Problem statement -
Read the material below and count the lines holding the string "entre". Give that count with nothing added.

Records for processing -
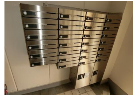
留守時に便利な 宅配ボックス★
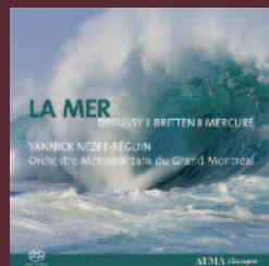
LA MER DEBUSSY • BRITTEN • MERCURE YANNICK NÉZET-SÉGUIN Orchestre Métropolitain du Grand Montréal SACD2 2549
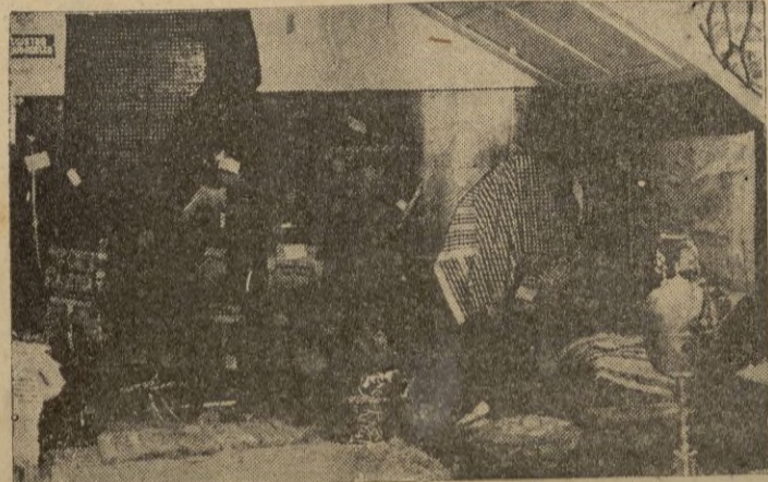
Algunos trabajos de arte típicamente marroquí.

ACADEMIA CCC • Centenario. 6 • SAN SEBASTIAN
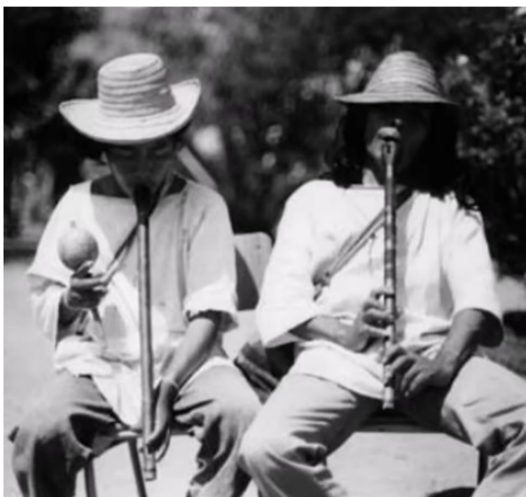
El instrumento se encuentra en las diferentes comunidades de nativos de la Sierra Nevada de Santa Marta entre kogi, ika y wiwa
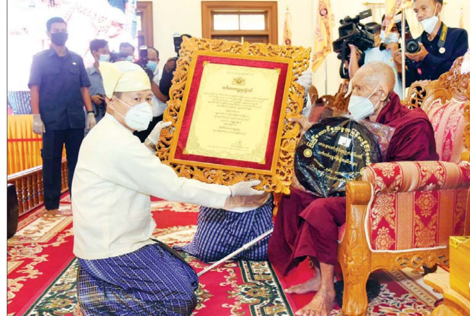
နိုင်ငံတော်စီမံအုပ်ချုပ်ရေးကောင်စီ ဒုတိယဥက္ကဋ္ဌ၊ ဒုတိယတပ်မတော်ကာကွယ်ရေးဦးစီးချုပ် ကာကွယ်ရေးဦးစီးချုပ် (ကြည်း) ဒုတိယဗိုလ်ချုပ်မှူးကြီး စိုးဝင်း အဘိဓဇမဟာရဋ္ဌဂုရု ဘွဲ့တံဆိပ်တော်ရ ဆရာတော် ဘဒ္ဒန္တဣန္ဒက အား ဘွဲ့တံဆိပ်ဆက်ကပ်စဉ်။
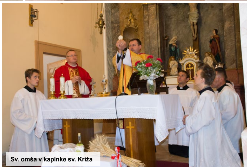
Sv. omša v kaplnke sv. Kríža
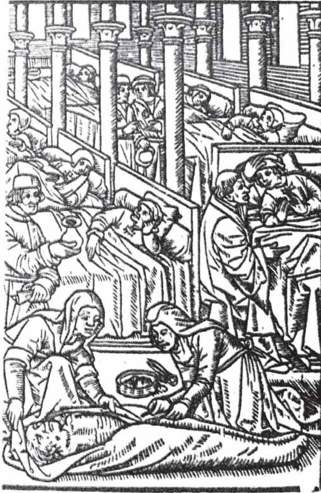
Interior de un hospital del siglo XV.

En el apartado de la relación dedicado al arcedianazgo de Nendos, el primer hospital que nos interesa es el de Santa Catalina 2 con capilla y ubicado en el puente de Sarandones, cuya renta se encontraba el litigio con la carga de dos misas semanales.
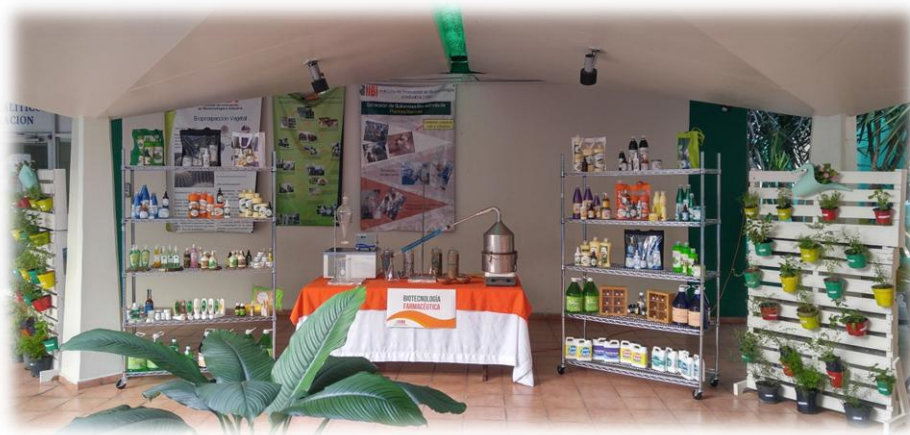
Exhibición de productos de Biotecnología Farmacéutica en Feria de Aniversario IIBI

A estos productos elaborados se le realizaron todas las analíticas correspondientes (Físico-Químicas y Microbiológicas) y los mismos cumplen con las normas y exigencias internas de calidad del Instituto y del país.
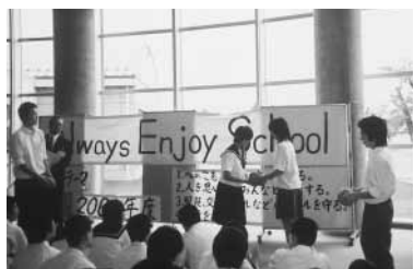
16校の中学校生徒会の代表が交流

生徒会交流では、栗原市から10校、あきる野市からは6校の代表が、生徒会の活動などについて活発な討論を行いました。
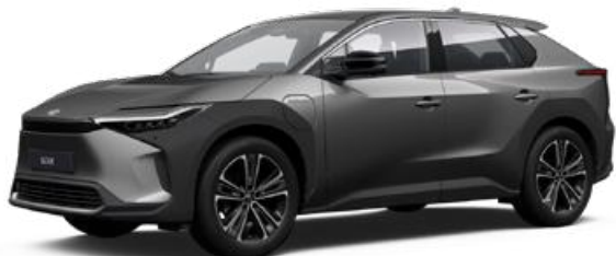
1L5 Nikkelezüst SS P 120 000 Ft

--

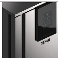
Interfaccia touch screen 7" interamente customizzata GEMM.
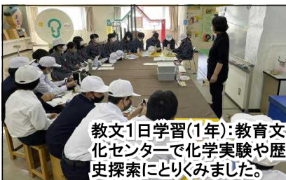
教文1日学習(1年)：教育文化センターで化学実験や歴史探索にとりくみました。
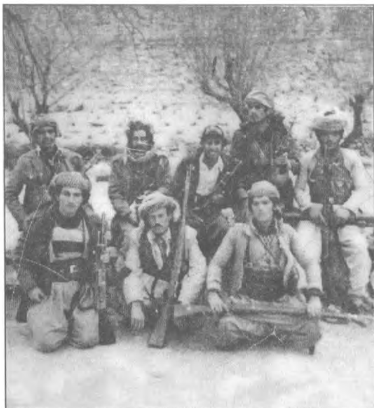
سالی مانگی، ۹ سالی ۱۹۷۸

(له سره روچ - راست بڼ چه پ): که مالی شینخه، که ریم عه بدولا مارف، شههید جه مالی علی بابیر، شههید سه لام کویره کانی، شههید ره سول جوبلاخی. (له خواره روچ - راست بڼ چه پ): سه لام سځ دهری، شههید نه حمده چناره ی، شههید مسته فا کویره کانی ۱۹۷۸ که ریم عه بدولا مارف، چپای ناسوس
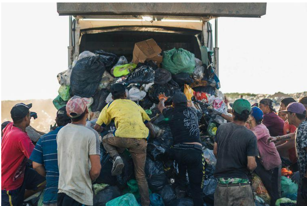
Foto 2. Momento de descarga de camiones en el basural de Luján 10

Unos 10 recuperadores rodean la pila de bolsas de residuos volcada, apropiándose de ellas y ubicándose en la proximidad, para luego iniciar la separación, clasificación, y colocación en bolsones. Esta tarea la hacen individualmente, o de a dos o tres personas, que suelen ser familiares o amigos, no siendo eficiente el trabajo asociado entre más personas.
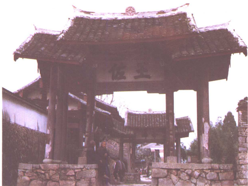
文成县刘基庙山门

Your response -
2